As an Islanders fan, I’ve grown accustomed to July 1 being a day of familiar feelings. Traditionally, on July 1, the NHL’s free agency period opens up and teams can sign players officially to contracts. July 1 is the day when the big-name free agents can sign with their new teams, giving those fans hope and giving many fans, like myself, disappointment.

This year, the NHL free agency period opens up on Oct. 9, and there are many players available for hire. Coyotes forward and former MVP Taylor Hall, Panthers forward Mike Hoffman and Blues defensemen Alexander Pietrangelo, among others, will be able to sign new contracts with teams throughout the league.

As the NHL’s salary cap of $81.5 million will not increase due to lost revenue from the pandemic, it will be increasingly difficult for teams to sign players that may demand a chunk of their salary cap. The issue that I and many others have is that the universal cap isn’t fair to teams that play in heavily taxed areas.

Take the 2020 Stanley Cup Champions, the Tampa Bay Lightning. They have their captain, forward Steven Stamkos, signed to an $8.5 million per year contract. In terms of talent, Stamkos is among players like Connor McDavid and Patrick Kane, who have $12.5 million and $10.5 million contracts, respectively.

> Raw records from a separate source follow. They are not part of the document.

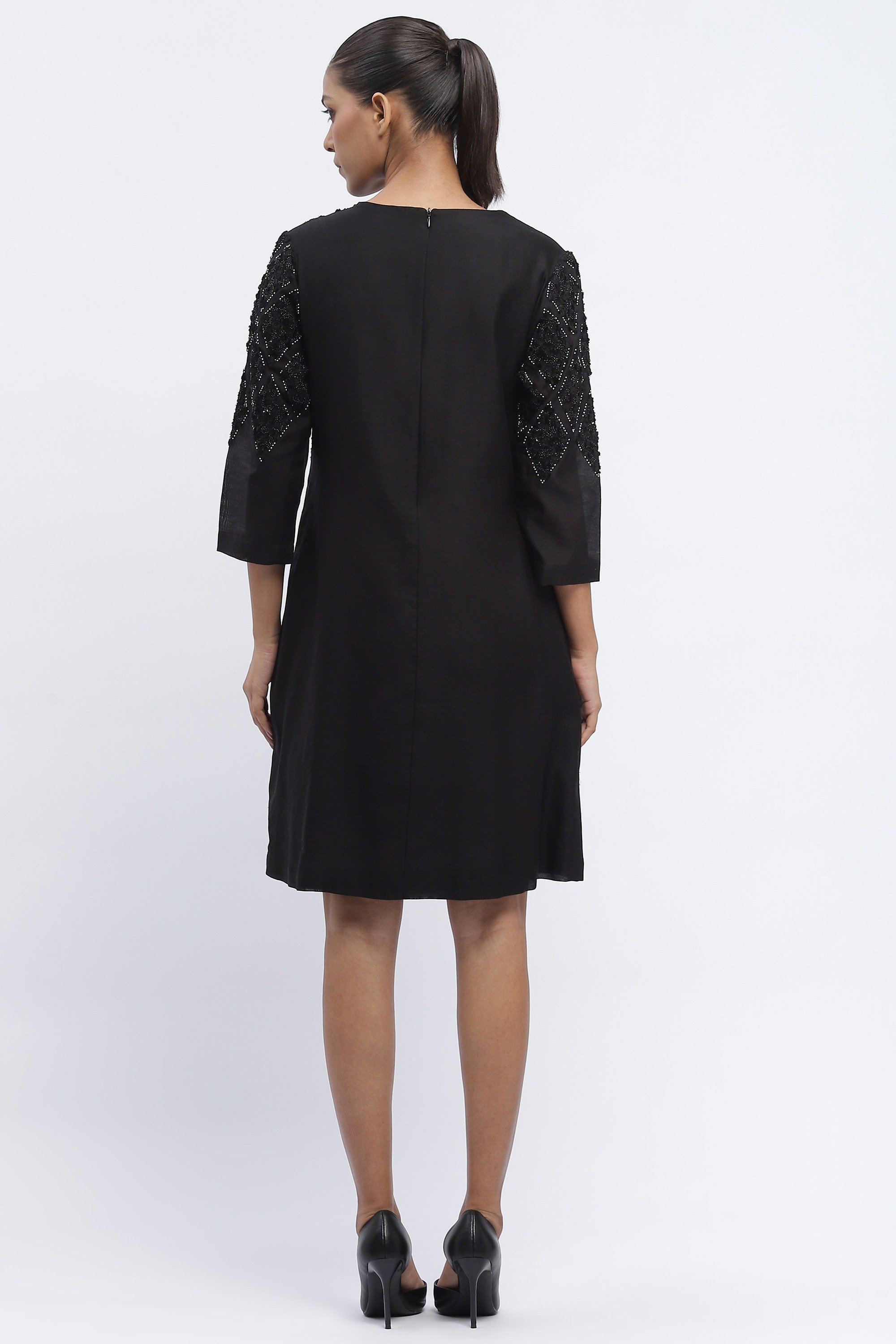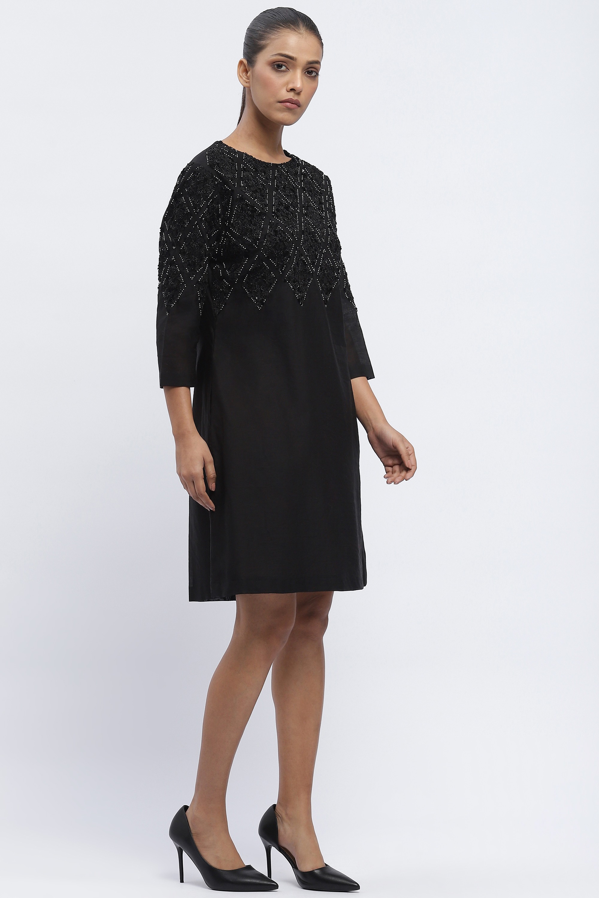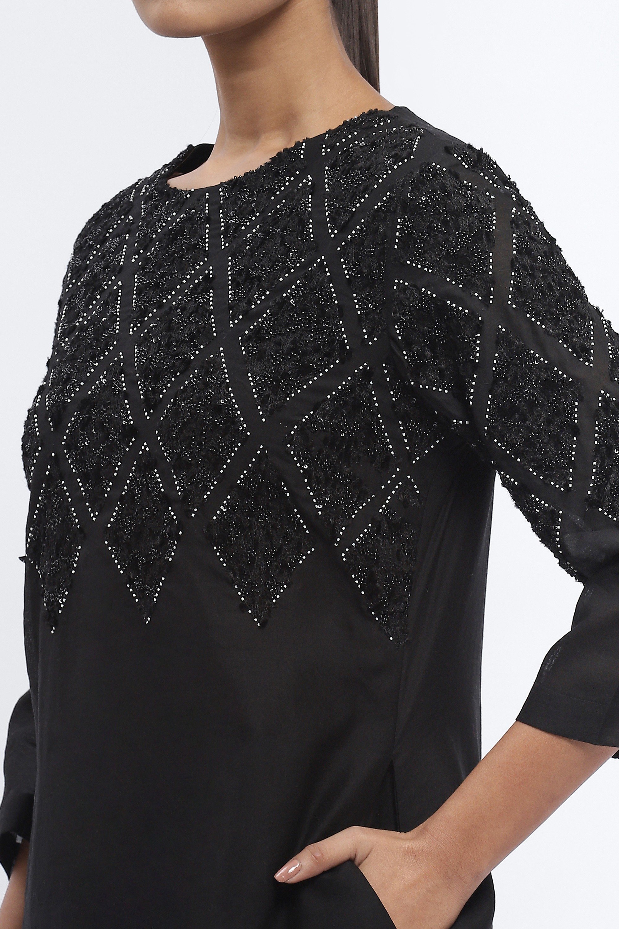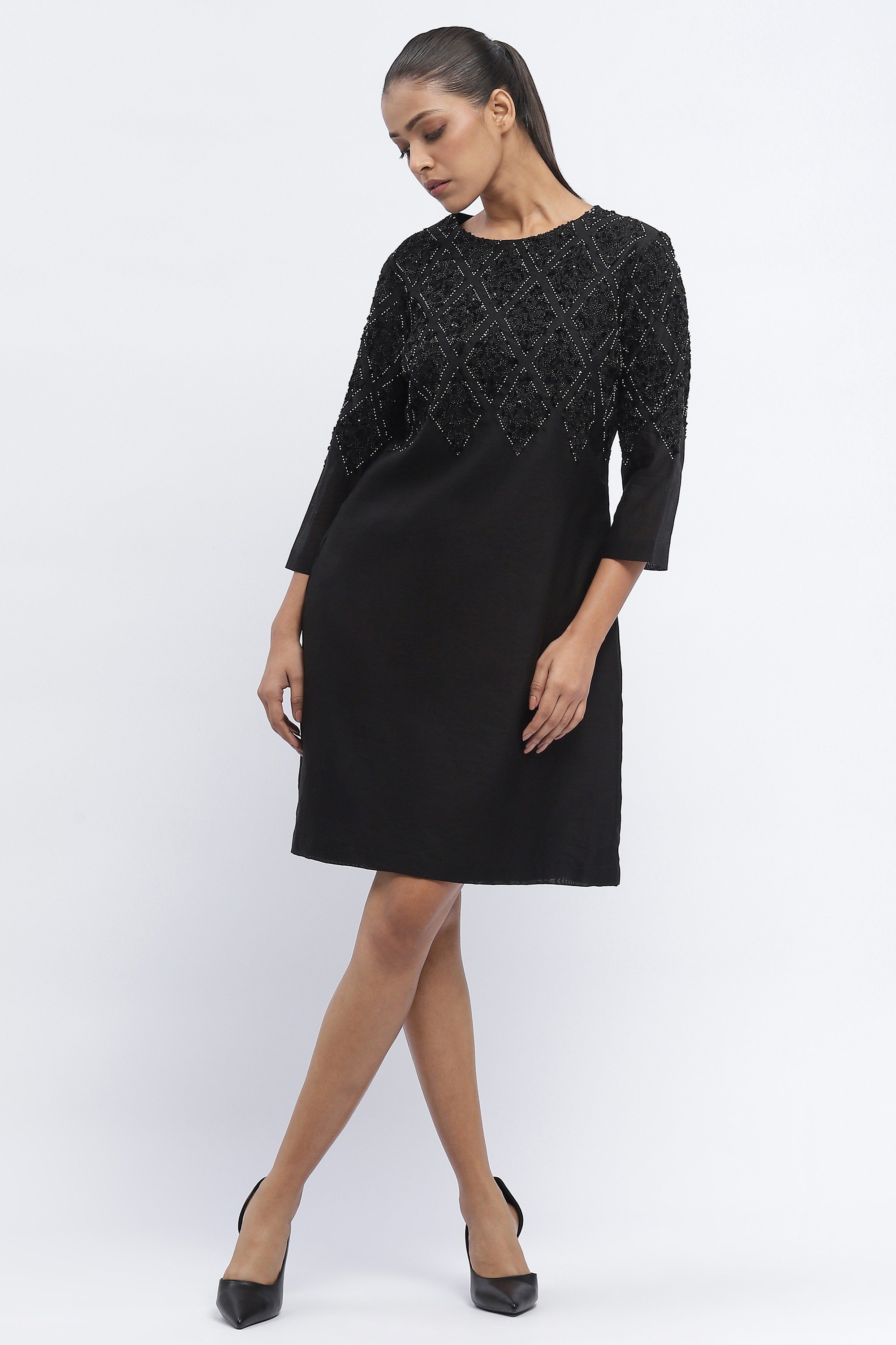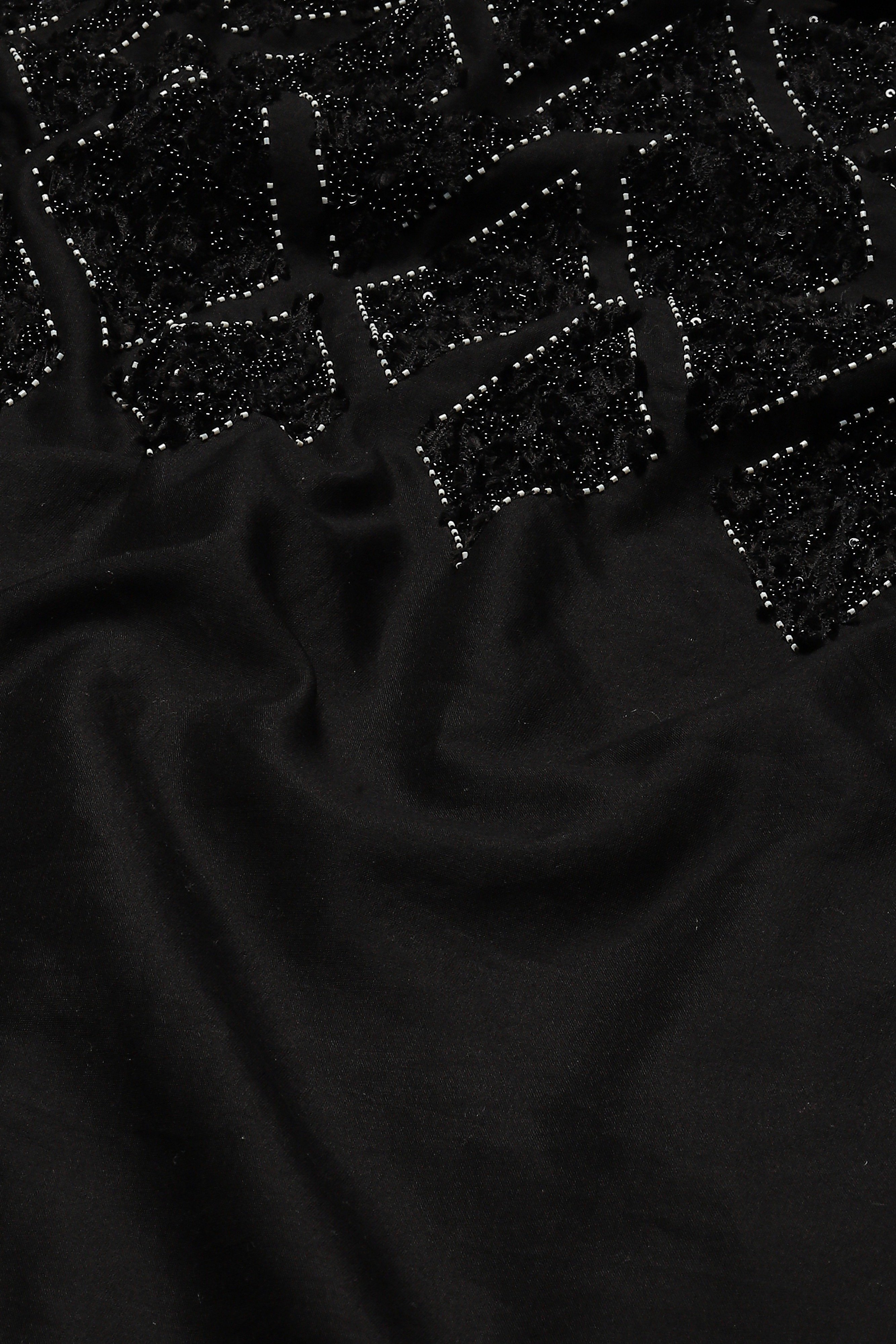 Best paired with mischief, this black dress is crafted in fluid chanderi. Sequins embroidered in harlequin patterns evoke roguish delight.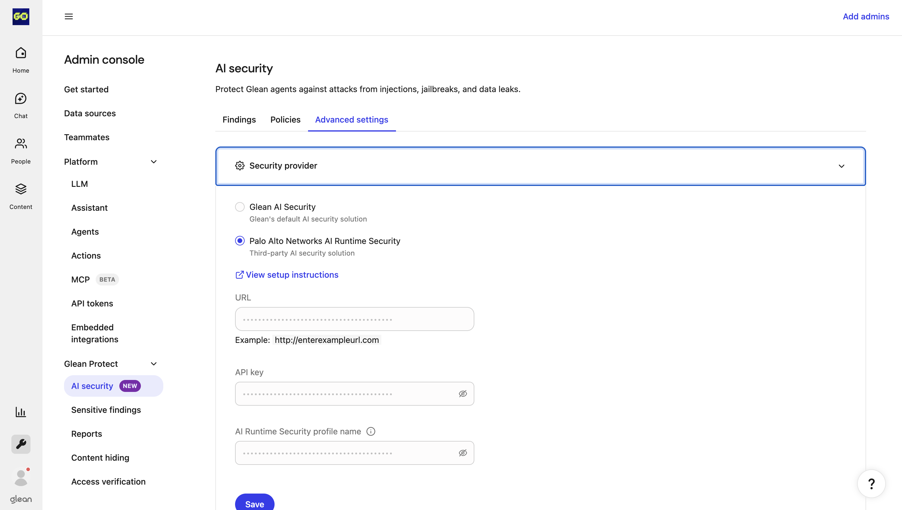 To configure the PANW provider in Glean, follow these steps:- In the Glean Admin Console, navigate to Glean Protect > AI security and click the Advanced Settings tab.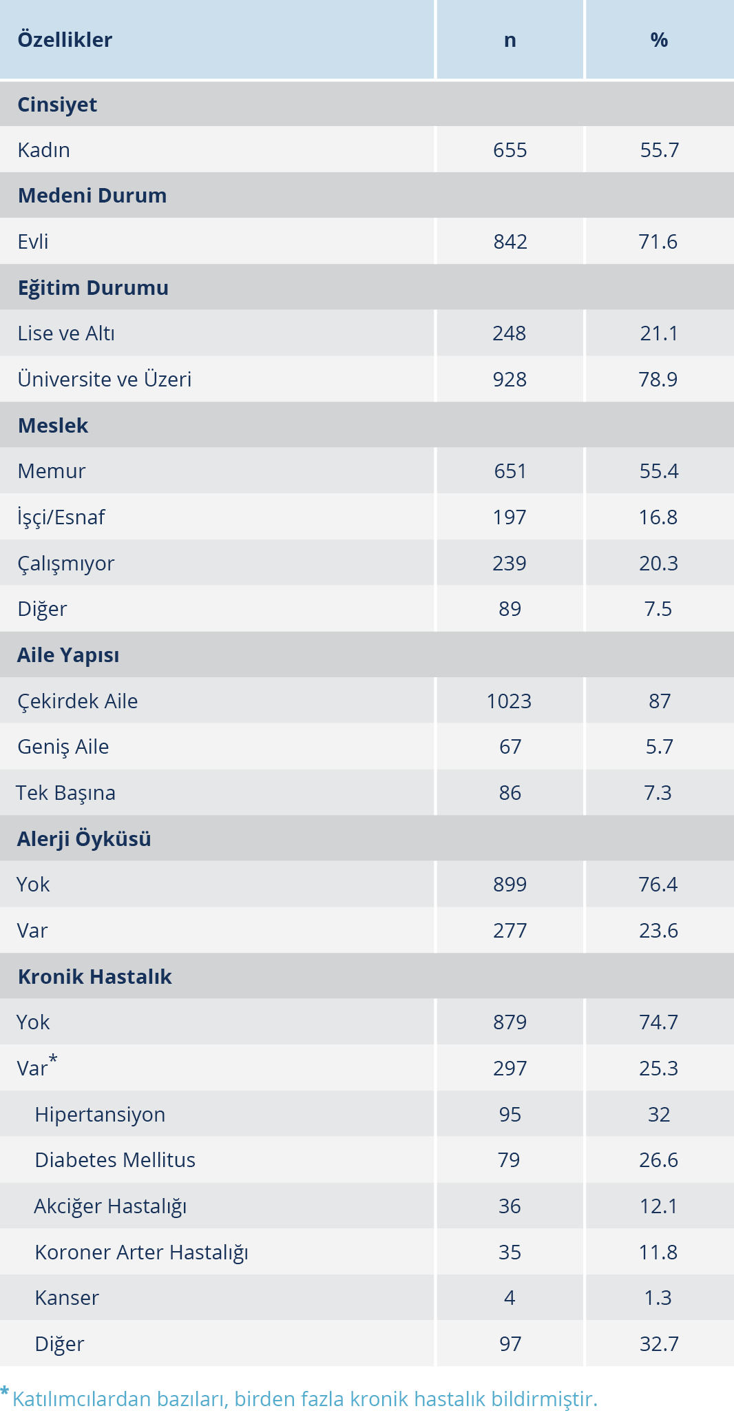Çalışmaya, yaş ortalaması 39.75±11.27 olan ve 655 (%55.7)’i kadın toplam 1176 kişi dâhil edildi. Araştırmaya katılanların 842 (%71.6)’si evli, 928 (%78.9)’i üniversite/lisansüstü mezunuydu. Katılımcıların sosyo-demografik özellikleri, alerji ve kronik hastalık öyküsünün varlığı Tablo 1’de verildi.

Not to mention that the Lightning also has star forwards Nikita Kucherov and Brayden Point, Conn Smythe winner Victor Hedman and former Vezina Trophy winner Andrei Vasilevskiy, one of the league’s top goalies. With all of those players on the roster, the Lightning is basically a super team.

What gives the Lightning the ability to offer these comparatively lower contracts, signing these types of players for less than $10 million per year, is Florida’s lack of an state income tax. While Florida doesn’t have any state income tax, New York has among the highest state income tax rates in the country. Florida residents also pay less in real estate taxes compared to New York, which could influence a player looking for a new home. In general, Florida is the 46th most taxed state, while New York is first.

Given all of this, Florida and states that are taxed less are more likely to be able to sign players to cheaper deals, and it allows for super teams to be built. If a player was deciding between the New York Rangers and the Tampa Bay Lightning, the money in Tampa would be worth more than in New York. Take Steven Stamkos’ contract for example. If he were to move from Tampa to Manhattan, he would need to earn nearly $24 million to maintain his current standard of living at $8.5 million a year per year, according to NerdWallet’s cost of living calculator. In context to the salary cap, Stamkos is currently about 11 percent of Tampa’s cap. If he went to New York and received a contract adjusted for the cost of living, he would be about 29.5 percent of their cap.

Teams in states like Texas, Nevada, Tennessee and Florida, where the state tax rate is zero, have an unfair advantage when signing players, while teams in California, New York, Washington, D.C. and New Jersey have to offer more money to players so that they will sign due to the differences in tax codes. The league should step in and adjust the salary cap for each market so that the team has an equal pot of money to sign players.